---- DATA TO USE

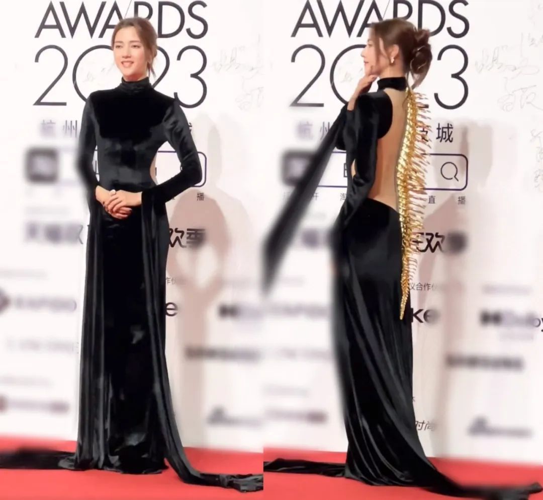 同样是全黑,娜然的丝绒长裙就很有看头,毕竟大露背的设计和金色鱼骨装饰会让裙子显得没那么单调。
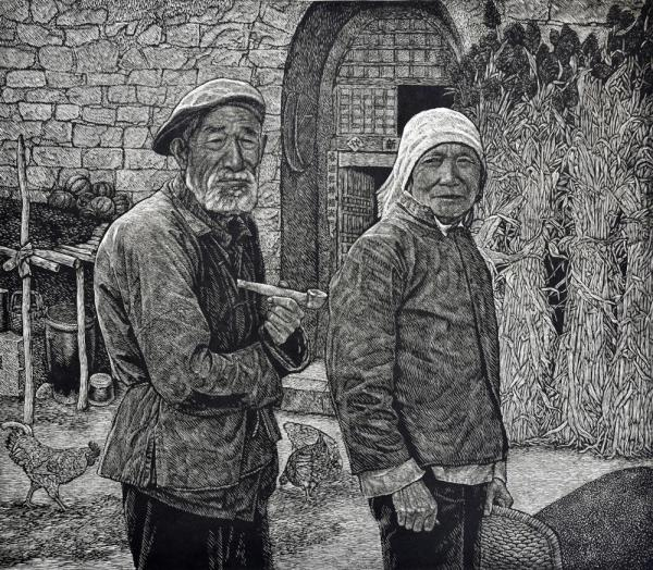 滕雨峰 老两口 套色木刻
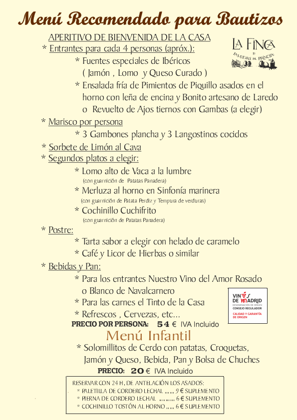 Aqui tienes los MENÚS DE RESTAURANTE de La Finca
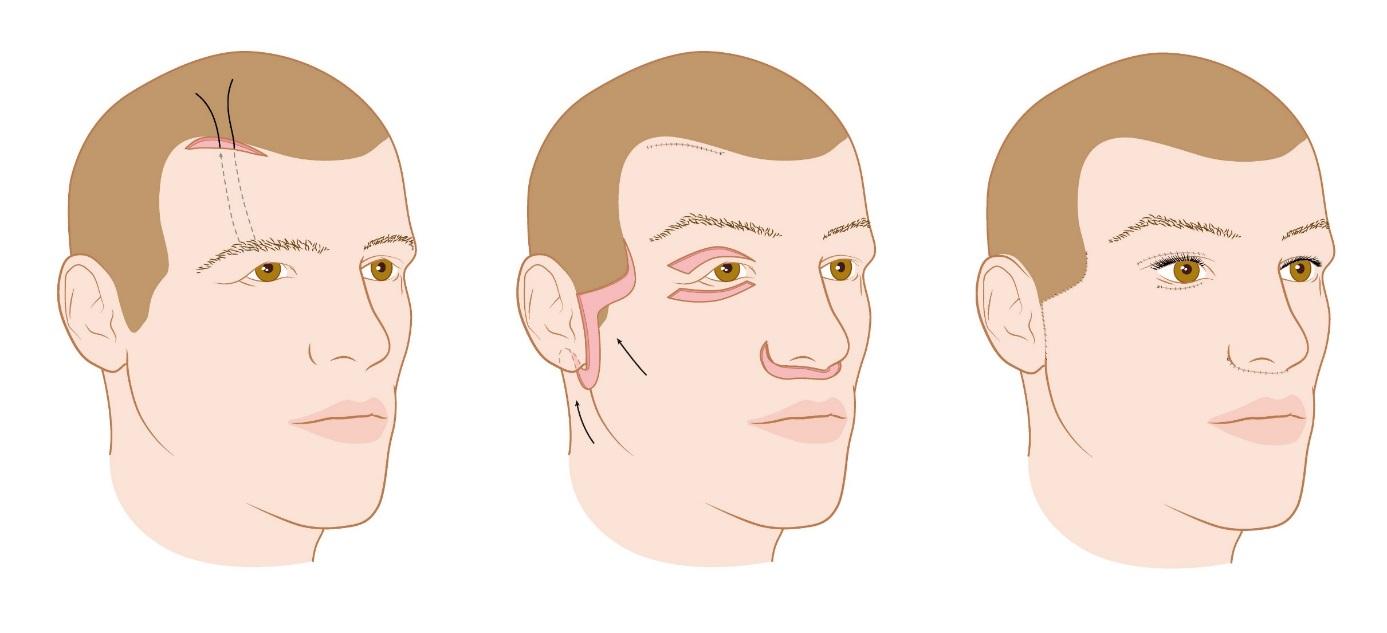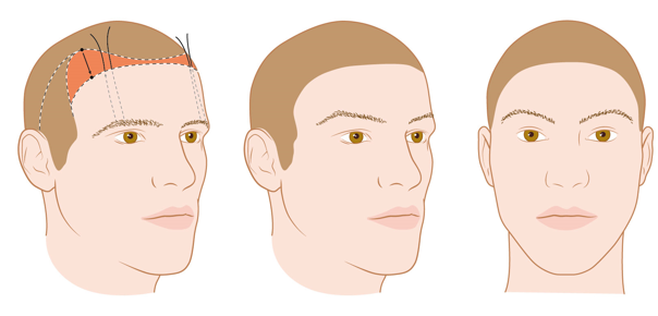 Door net voor en langs de haarlijn huid weg te nemen en huid te verschuiven, komt de haarlijn wat naar voren worden en worden de inhammen gecorrigeerd. Deze operatie wordt vaak gecombineerd met de voorhoofdcorrectie (cranioplastiek).
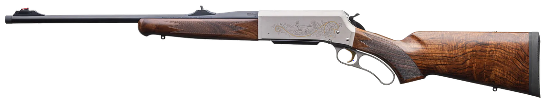 The Browning BLR Ultimate offers exceptional durability in all weather conditions, whilst the nickel‑plated aluminium receiver with detailed game‑scene engraving adds a premium, refined finish, making it essential for any Browning enthusiast.
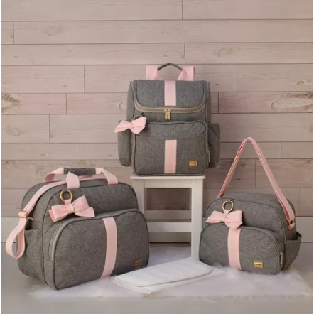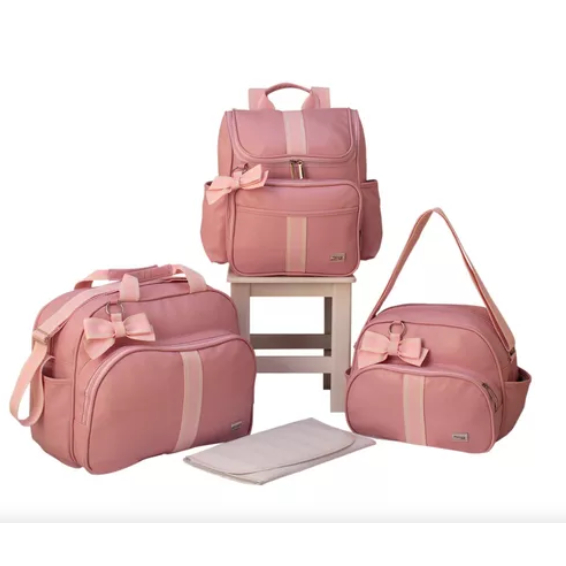 KIt Bolsas Maternidade Mochila Térmica Unissex Cinza/caramelo
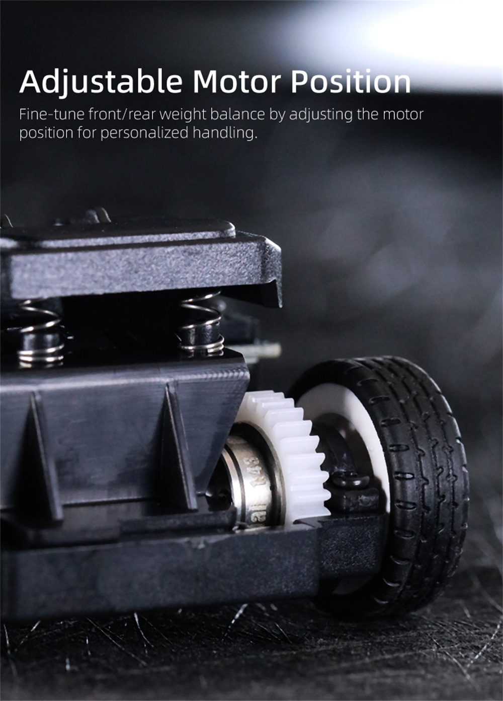 Adjustable motor position,fine-tune front/rear weight balance by adjusting the motor
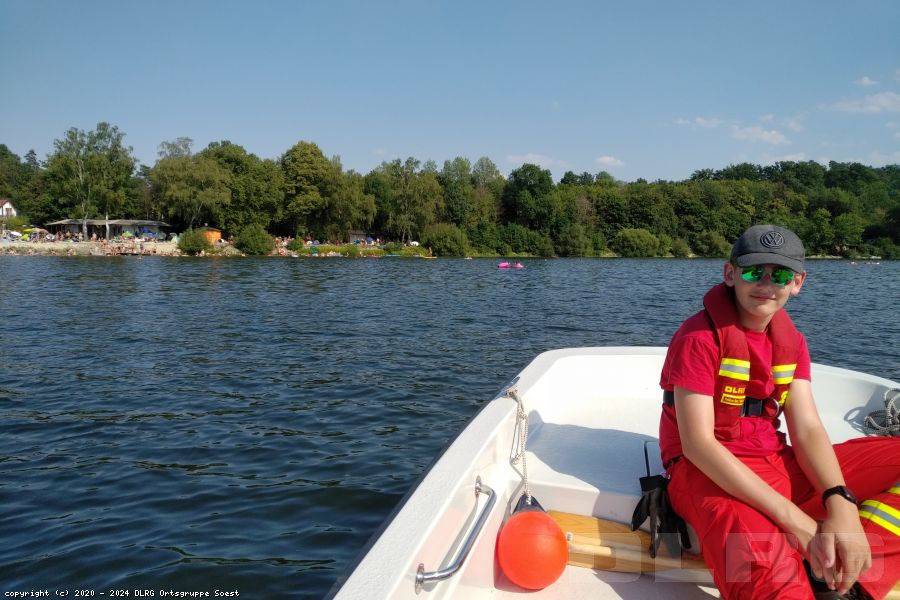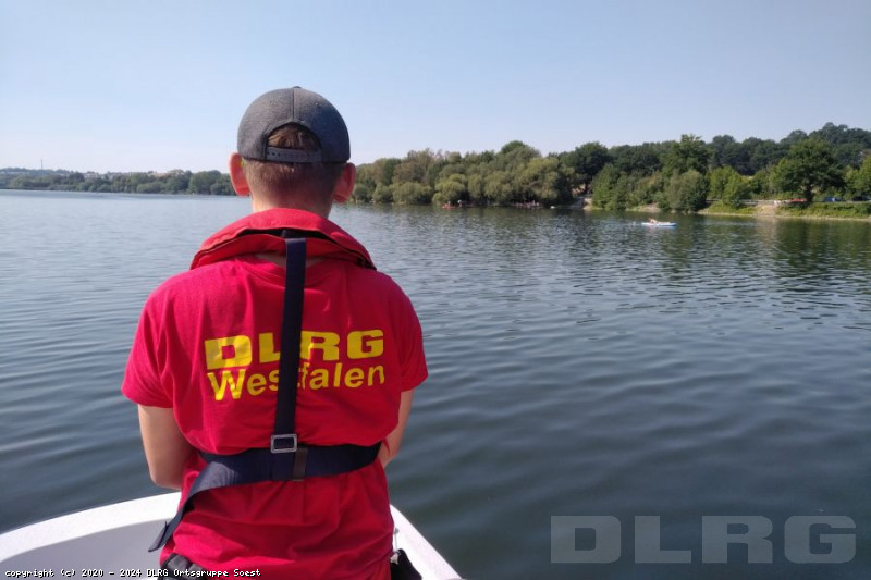 An dieser Stelle wollen wir auf die große Gefahr beim Schwimmen an unbewachten Badestellen hinweisen. In den ersten sieben Monaten des Jahres ertranken laut der Halbjahresstatistik der DLRG mindestens 192 Menschen in deutschen Gewässern. Mindestens vier weitere Badetote gibt es laut dem WDR alleine in NRW an diesem Wochenende bis Samstagabend zu beklagen (Zahlen vom Sonntag sind noch nicht vollständig)! Auch wenn wir die Wachbank dauerhaft besetzt hielten und die Wasserflächen beobachten; dutzende Schwimmer in einer Entfernung von zum Teil über 1,5km zwischen Segelbooten, StandUp-Boards und Schlauchbooten sicher bewachen zu können, ist beinahe unmöglich. Und wenn doch ein Schwimmer in Not gerät, benötigen auch wir mit unserem Motorrettungsboot mehrere Minuten, bis wir am Notfallort eintreffen!
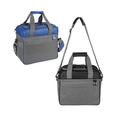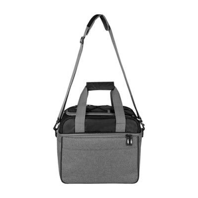 Interior plastificado impermeable. Bolsa principal y bolsa superior con cierre para fácil acceso a interior, bolsa frontal, asas y correa ajustable. Capacidad en parte superior para 4 latas y en parte inferior 10 latas. Medidas: 32.5 x 30 x 19 cm
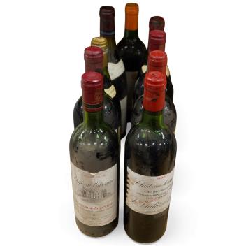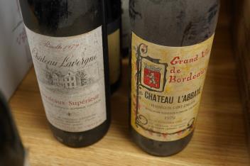 Lot 319 , Nine bottles of wine; three Chateau Lavergne Bordeaux Superieur 1979, Beaune 1974, Côtes du Rhône 1978, Beaujolais 1979, etc.
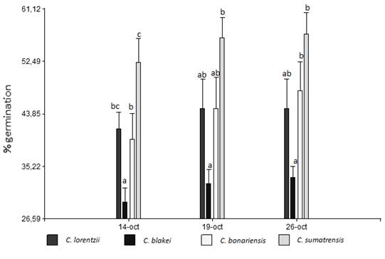 Figure 1: Germination percentage of Conyza lorentzii, C. blakei, C. bonariensis and C. sumatrensis under controlled conditions (for each sample date equal letters indicate non-significant differences according to the lsd test (α= 0.05)). Vertical bars represent the standard error of the mean.
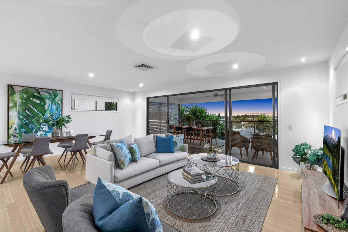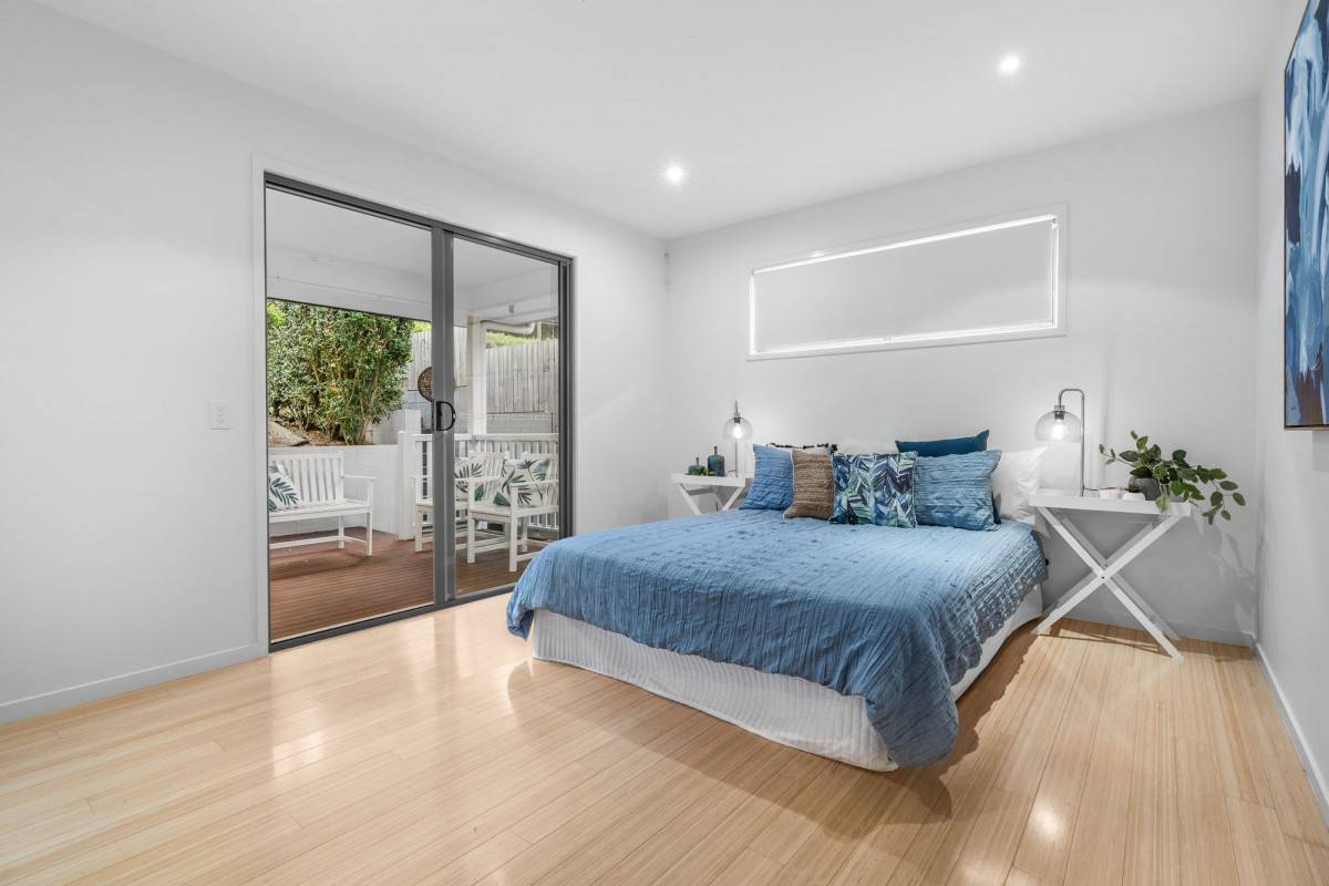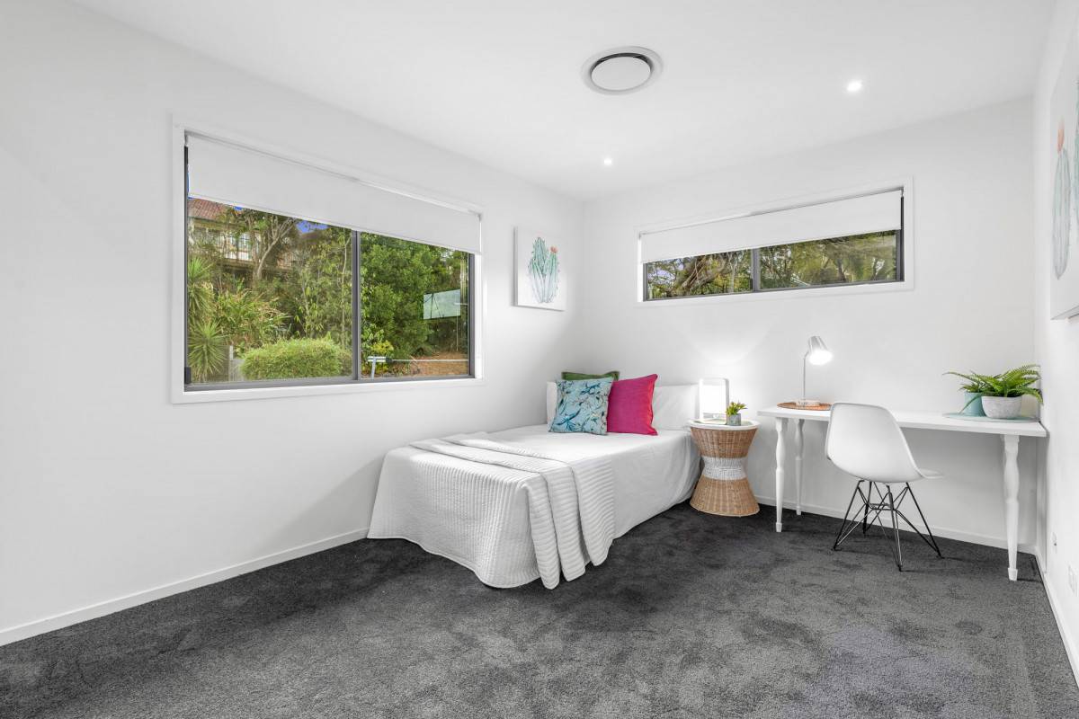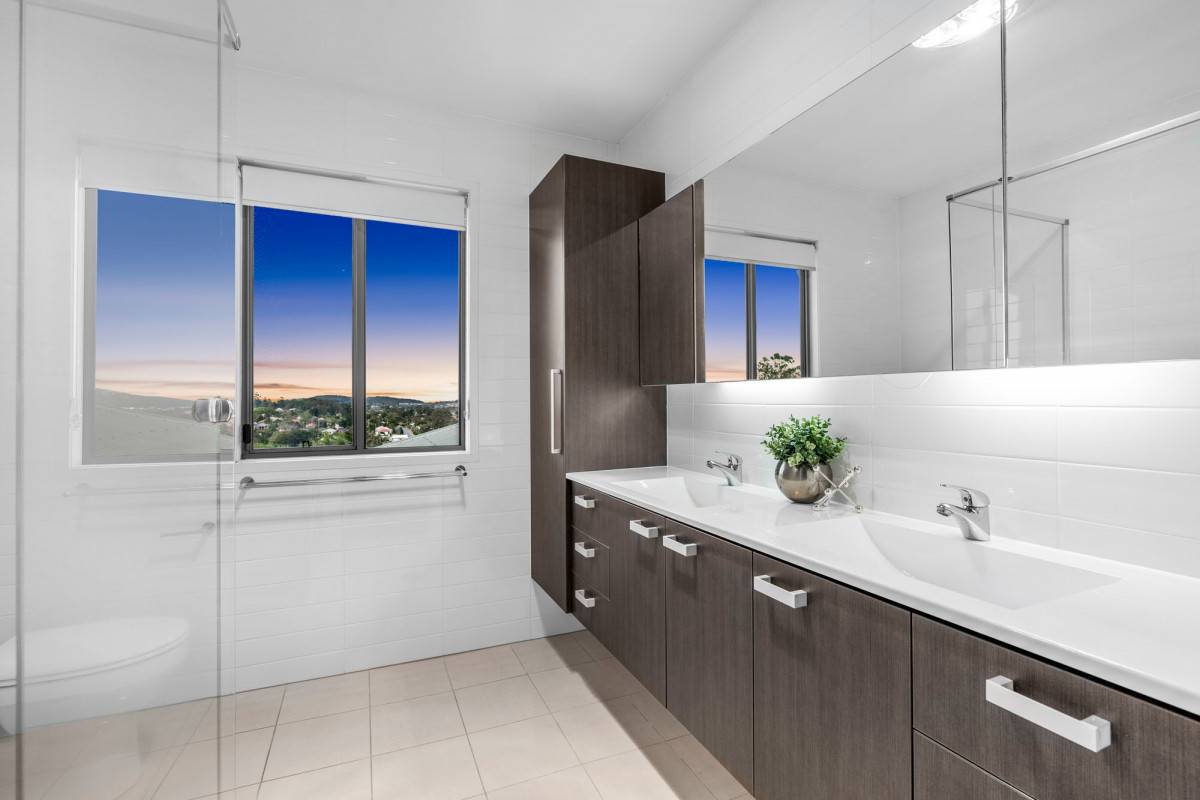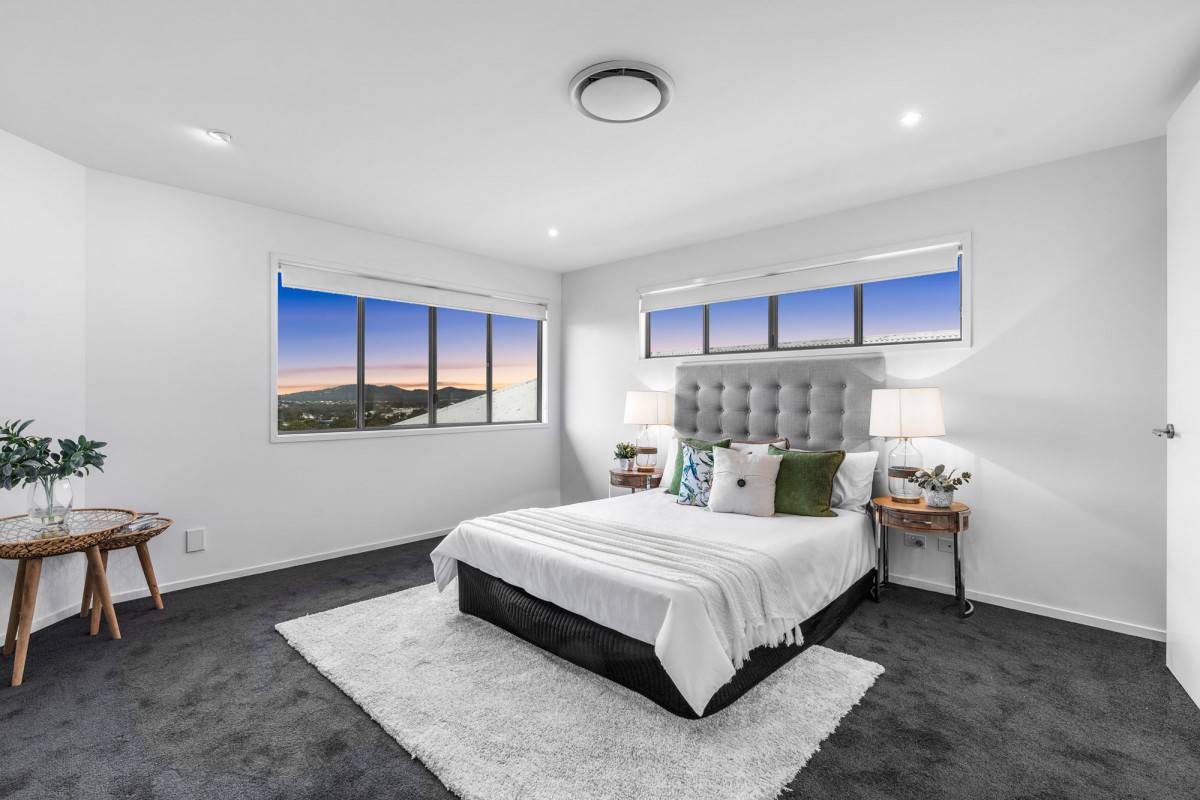 A further three bedrooms and family bathroom are positioned across the upper level and include a stylish master suite with mountain views, walk-in robe and modern ensuite.

--------

> WHAT YOU NEED TO DO: Copy the lines above exactly, starting at the one with "Aqui tienes los" and ending at the one with "Lot 319 , Nine", both included. Leave out any pictures and add nothing else.

> RESPONSE TO THIS TASK:
 Aqui tienes los MENÚS DE RESTAURANTE de La Finca
 Door net voor en langs de haarlijn huid weg te nemen en huid te verschuiven, komt de haarlijn wat naar voren worden en worden de inhammen gecorrigeerd. Deze operatie wordt vaak gecombineerd met de voorhoofdcorrectie (cranioplastiek).
 The Browning BLR Ultimate offers exceptional durability in all weather conditions, whilst the nickel‑plated aluminium receiver with detailed game‑scene engraving adds a premium, refined finish, making it essential for any Browning enthusiast.
 KIt Bolsas Maternidade Mochila Térmica Unissex Cinza/caramelo
 Adjustable motor position,fine-tune front/rear weight balance by adjusting the motor
 An dieser Stelle wollen wir auf die große Gefahr beim Schwimmen an unbewachten Badestellen hinweisen. In den ersten sieben Monaten des Jahres ertranken laut der Halbjahresstatistik der DLRG mindestens 192 Menschen in deutschen Gewässern. Mindestens vier weitere Badetote gibt es laut dem WDR alleine in NRW an diesem Wochenende bis Samstagabend zu beklagen (Zahlen vom Sonntag sind noch nicht vollständig)! Auch wenn wir die Wachbank dauerhaft besetzt hielten und die Wasserflächen beobachten; dutzende Schwimmer in einer Entfernung von zum Teil über 1,5km zwischen Segelbooten, StandUp-Boards und Schlauchbooten sicher bewachen zu können, ist beinahe unmöglich. Und wenn doch ein Schwimmer in Not gerät, benötigen auch wir mit unserem Motorrettungsboot mehrere Minuten, bis wir am Notfallort eintreffen!
 Interior plastificado impermeable. Bolsa principal y bolsa superior con cierre para fácil acceso a interior, bolsa frontal, asas y correa ajustable. Capacidad en parte superior para 4 latas y en parte inferior 10 latas. Medidas: 32.5 x 30 x 19 cm
 Lot 319 , Nine bottles of wine; three Chateau Lavergne Bordeaux Superieur 1979, Beaune 1974, Côtes du Rhône 1978, Beaujolais 1979, etc.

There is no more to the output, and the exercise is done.